Four years ago, the Indian Railways Management Service (IRMS) was launched with great fanfare, its ambition pitched as high as a mountain peak: to fuse eight quarrelsome railway services into one harmonious brotherhood and finally banish the ancient ghost of departmentalism. But the lofty vision soon sprouted cracks wide enough to run a Bullet train through without slowing down. After a circus of somersaults that would make seasoned acrobats weep with professional envy, the government hit the reset button and returned to the familiar embrace of separate Civil and Engineering Services Examinations (CSE and ESE) for induction of officers—an old habit burnished as a breathtaking innovation. And to crown the absurdity, the buzzword IRMS—a term that somehow meant everything and nothing—was not retired but triumphantly retained, as though mere nomenclature could mask the retreat. Officers will now brandish their departments, coyly tucked into parentheses—IRMS (Traffic), IRMS (Mechanical), IRMS (Accounts), IRMS (Civil)—as if those brackets were magical cloaks capable of concealing the well-known rivalries simmering underneath. Although the Bard suggested through the king in Henry VIII that, “Things done well, And with a care, exempt themselves from fear; Things done without example, in their issue Are to be fear'd...”, but IRMS has become such a thoughtless bingo that we are now far beyond fear; we are in the realm of farce.
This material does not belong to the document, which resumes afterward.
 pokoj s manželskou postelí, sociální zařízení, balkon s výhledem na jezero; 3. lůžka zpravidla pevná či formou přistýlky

I’ve written enough on this subject to qualify for a frequent-flyer card—across newspapers, portals and my blog—so the curious may browse those chronicles for every riveting twist, turn, and barrel roll. My interest was rekindled when, as part of the continuing circus, new rules for promotion to Levels 16 and 17 were unveiled in November 2025. This news item connects:


https://theprint.in/india/railway-board-proposes-major-tweak-in-eligibility-criteria-for-zonal-gms-a-minimum-tenure-rule/2764323/


These rules, with impeccable comic timing, managed to resurrect the pre-IRMS regime, albeit with a few moronish flourishes added for seasoning. In this latest masterpiece of bureaucratic whimsy, eligibility for the post of General Manager—the most muscular managerial post on IR—did not require having served as a Divisional Railway Manager. But eligibility for Additional Member, a Board-level post so non-executive it could practically be done from a hammock, did. IRMS, of course, is now well and truly deceased after being chopped, changed, spun, sautĆ©ed, and generally overcooked while the ocean was pompously boiled. What remains are a few such quirky amusements to keep us all entertained, like toys bobbing cheerfully in the wreckage.
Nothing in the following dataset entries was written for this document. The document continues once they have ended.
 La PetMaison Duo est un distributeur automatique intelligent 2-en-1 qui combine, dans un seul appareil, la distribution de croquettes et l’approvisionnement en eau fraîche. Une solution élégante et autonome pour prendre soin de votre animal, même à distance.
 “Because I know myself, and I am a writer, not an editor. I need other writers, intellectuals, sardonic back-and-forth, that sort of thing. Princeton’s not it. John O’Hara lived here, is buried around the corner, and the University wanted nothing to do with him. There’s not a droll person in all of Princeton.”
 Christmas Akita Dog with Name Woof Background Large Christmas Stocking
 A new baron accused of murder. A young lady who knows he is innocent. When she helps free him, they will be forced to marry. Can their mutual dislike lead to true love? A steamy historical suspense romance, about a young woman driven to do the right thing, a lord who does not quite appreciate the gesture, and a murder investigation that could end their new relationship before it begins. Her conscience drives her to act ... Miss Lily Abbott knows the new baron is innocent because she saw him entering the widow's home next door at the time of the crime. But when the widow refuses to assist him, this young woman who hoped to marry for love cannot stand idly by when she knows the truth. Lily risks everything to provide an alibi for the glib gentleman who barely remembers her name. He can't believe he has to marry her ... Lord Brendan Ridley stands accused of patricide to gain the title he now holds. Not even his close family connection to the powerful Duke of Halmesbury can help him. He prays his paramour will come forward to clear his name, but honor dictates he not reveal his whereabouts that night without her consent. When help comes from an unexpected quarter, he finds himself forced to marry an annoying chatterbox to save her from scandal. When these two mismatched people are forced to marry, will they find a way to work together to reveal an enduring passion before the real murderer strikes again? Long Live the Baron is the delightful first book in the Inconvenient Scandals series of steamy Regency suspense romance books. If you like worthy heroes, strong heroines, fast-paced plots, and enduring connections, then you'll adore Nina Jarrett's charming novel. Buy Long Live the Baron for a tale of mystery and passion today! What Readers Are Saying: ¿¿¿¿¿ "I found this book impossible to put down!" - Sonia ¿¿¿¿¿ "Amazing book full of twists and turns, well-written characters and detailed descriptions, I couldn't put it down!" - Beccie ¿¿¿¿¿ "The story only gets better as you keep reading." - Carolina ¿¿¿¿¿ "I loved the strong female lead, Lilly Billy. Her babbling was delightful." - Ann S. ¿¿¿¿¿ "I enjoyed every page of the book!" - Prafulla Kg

But for now, let us abandon the beaten track and tiptoe into a terrain where reason waltzes with absurdity. For despite my best efforts to stay soberly analytical, a jungle story, utterly unrelated yet strangely apt, keeps clawing its way back into my thoughts. So indulge me while I share it.


In a jungle not unlike our bustling human societies, there thrived a lively parliament of eight arboreal species—monkeys with their incessant chatter, officious parrots fond of reciting decrees, chameleons who mastered the subtle art of blending in, and snails who measured progress in millimetres. Lizards basked lazily, claiming credit for catching flies they had never pursued; sheep huddled nervously, following the loudest bleat; squirrels scampered about hoarding nuts of dubious worth; and cats lounged in smug splendour, convinced they were the true sovereigns despite never lifting a paw. Each creature boasted a nominal backbone—a unique strength, or so they claimed. Yet as they aspired to higher branches, those backbones mysteriously shrivelled, replaced by a fashionable flexibility that served their ambitions rather nicely. One could almost imagine the nubile Anne from the Bard’s The Merry Wives of Windsor looking upon them and sighing, “…O, what a world of vile, ill-favour’d faults looks handsome as a railway babu, er, officer.”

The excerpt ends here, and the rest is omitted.